**Required work**
The required output is every line from the one containing "Später am Abend" through the last line of the listing below, copied exactly, pictures excluded.

**Dataset section**

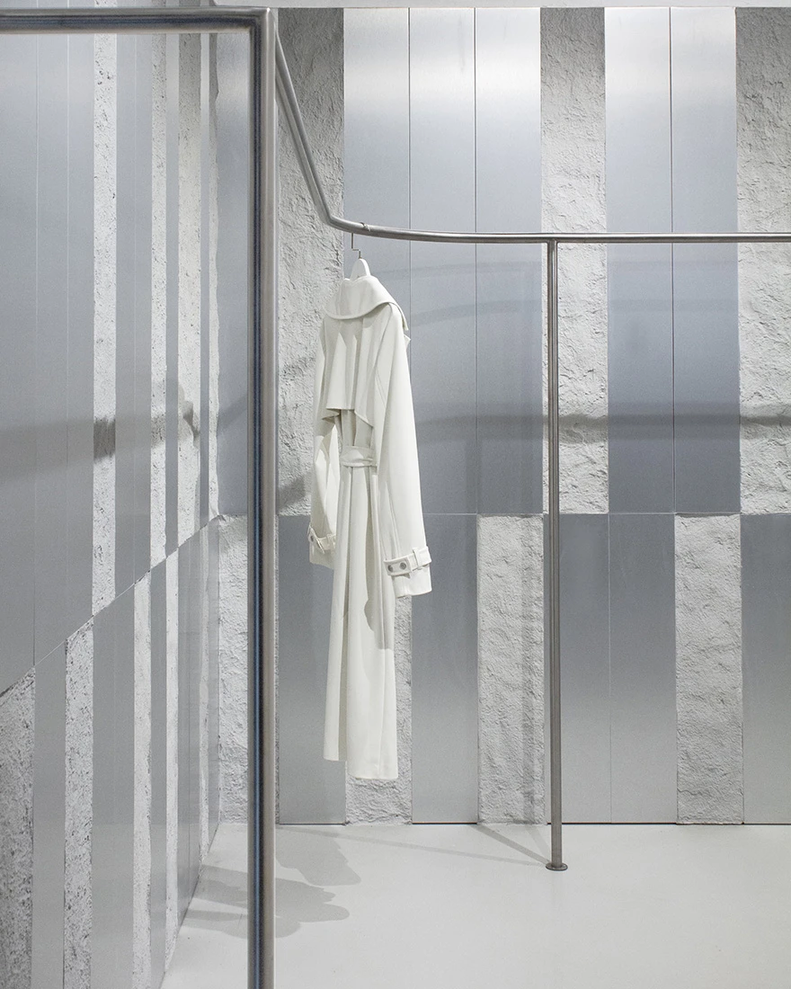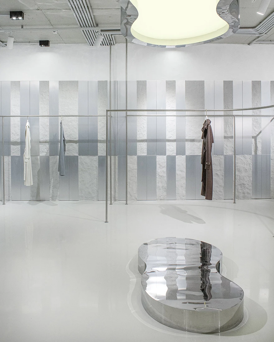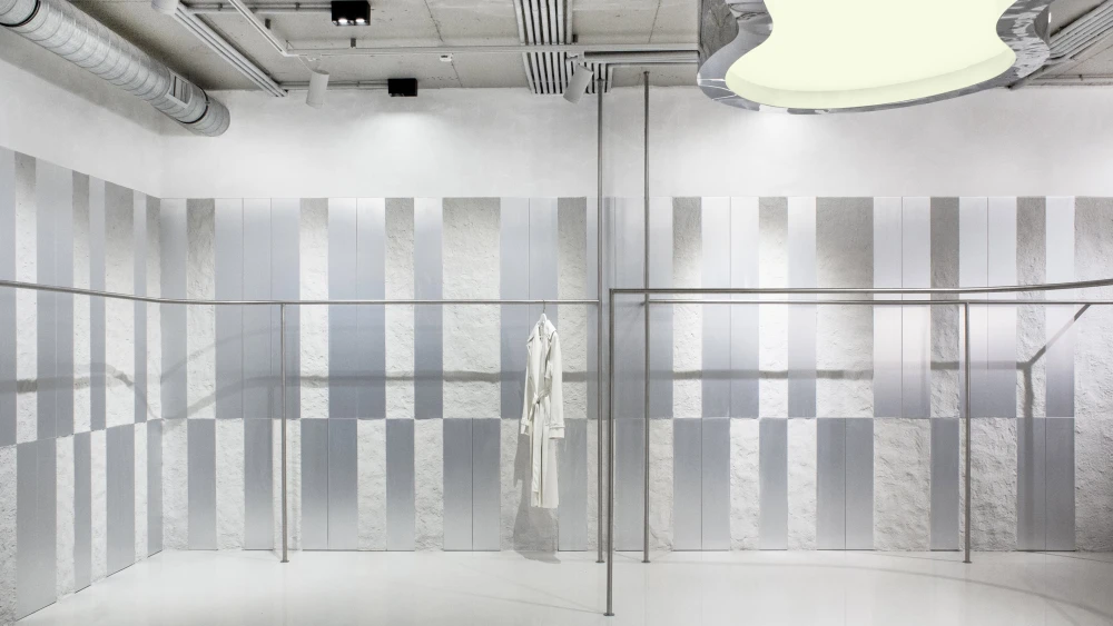 «Поскольку вся мебель — кастомное производство, с точки зрения формообразования мы можем выделить лайтбокс и каплеобразный подиум. Оба этих изделия формируют вокруг себя пространство и, безусловно, притягивают к себе внимание, — говорят авторы проекта. — Обшивка стен чередует панели из алюминиевого композита и фактурной штукатурки, а рейлы выполнены из нержавеющей стали. Прием со «штрихкодом» мы считаем особенно успешным. Эффектный фон для яркой одежды передает характер бренда».
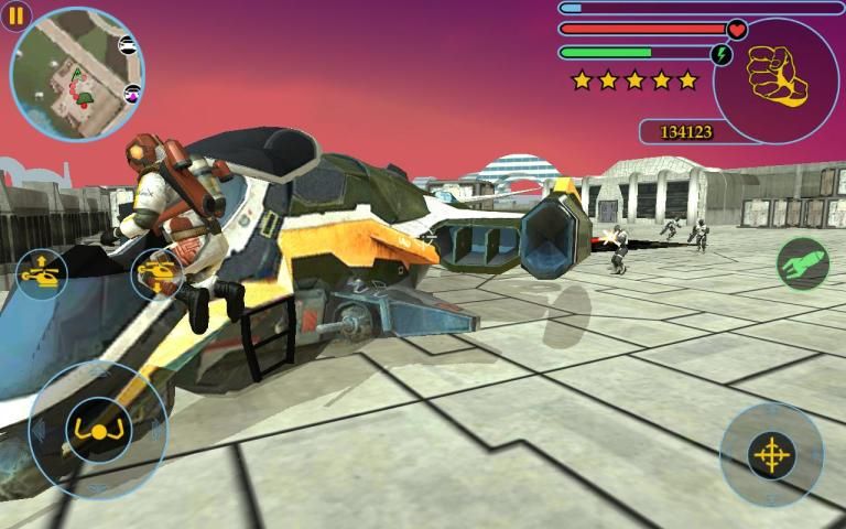 Bertahan hidup serangan droid. Percobaan dengan kendaraan masa depan. Jelajahi atmosfer planet dengan jet-baju Anda.
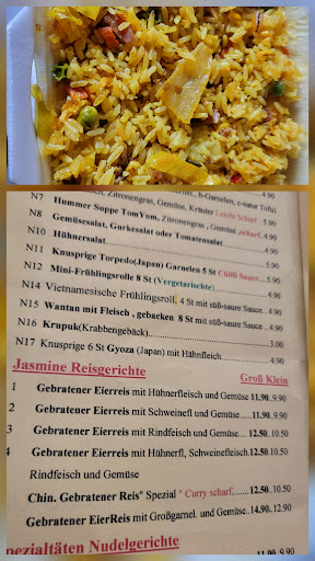 Später am Abend dann die böse Überraschung. Keine köstlich-würzigen gebratenen Nudeln mit zartem Hühnchen und leckerem Gemüse, sondern krümeliger trocken-fettiger Reis mit wenigen, gedünsteten Zwiebeln und 2-3 grünen Erbsen und Möhrenwürfelchen. Sonst nichts. Keine Spur von Hühnchen oder anderem Fleisch. Leider ein Fall für den Mülleimer. So ein Gericht steht nicht mal in der Speisekarte, die wir uns am Nachmittag für künftige Bestellungen mitgenommen hatten. Auch der Preis von 10,50 Euro pro Portion ließ sich dem, was man uns kredenzt hatte überhaupt nicht zuordnen. Wir waren nicht nur hungrig, sondern auch echt sauer.
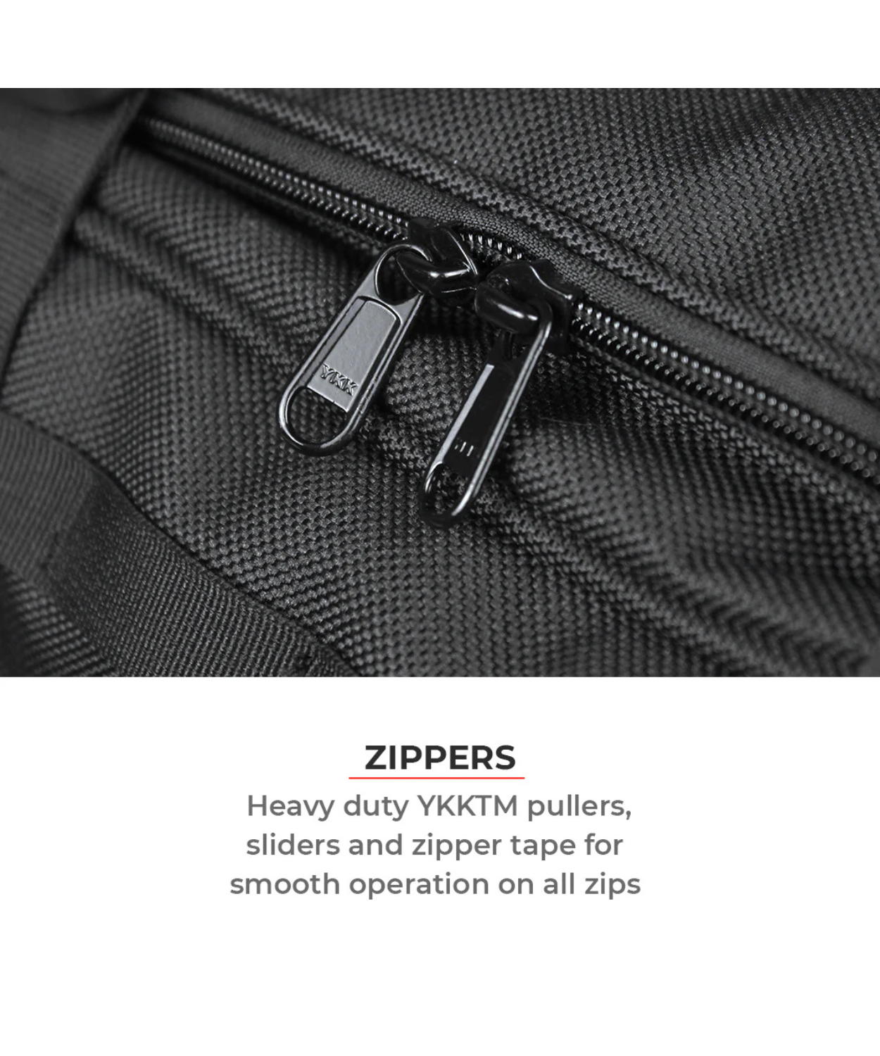 - Heavy duty YKK™ (the world's best!) is used across our range - pullers, sliders & tape - for extra durability and smooth operation on all zips. You can check the underside of the slider for the embossed “YKK” logo.

**Task response**
 Später am Abend dann die böse Überraschung. Keine köstlich-würzigen gebratenen Nudeln mit zartem Hühnchen und leckerem Gemüse, sondern krümeliger trocken-fettiger Reis mit wenigen, gedünsteten Zwiebeln und 2-3 grünen Erbsen und Möhrenwürfelchen. Sonst nichts. Keine Spur von Hühnchen oder anderem Fleisch. Leider ein Fall für den Mülleimer. So ein Gericht steht nicht mal in der Speisekarte, die wir uns am Nachmittag für künftige Bestellungen mitgenommen hatten. Auch der Preis von 10,50 Euro pro Portion ließ sich dem, was man uns kredenzt hatte überhaupt nicht zuordnen. Wir waren nicht nur hungrig, sondern auch echt sauer.
 - Heavy duty YKK™ (the world's best!) is used across our range - pullers, sliders & tape - for extra durability and smooth operation on all zips. You can check the underside of the slider for the embossed “YKK” logo.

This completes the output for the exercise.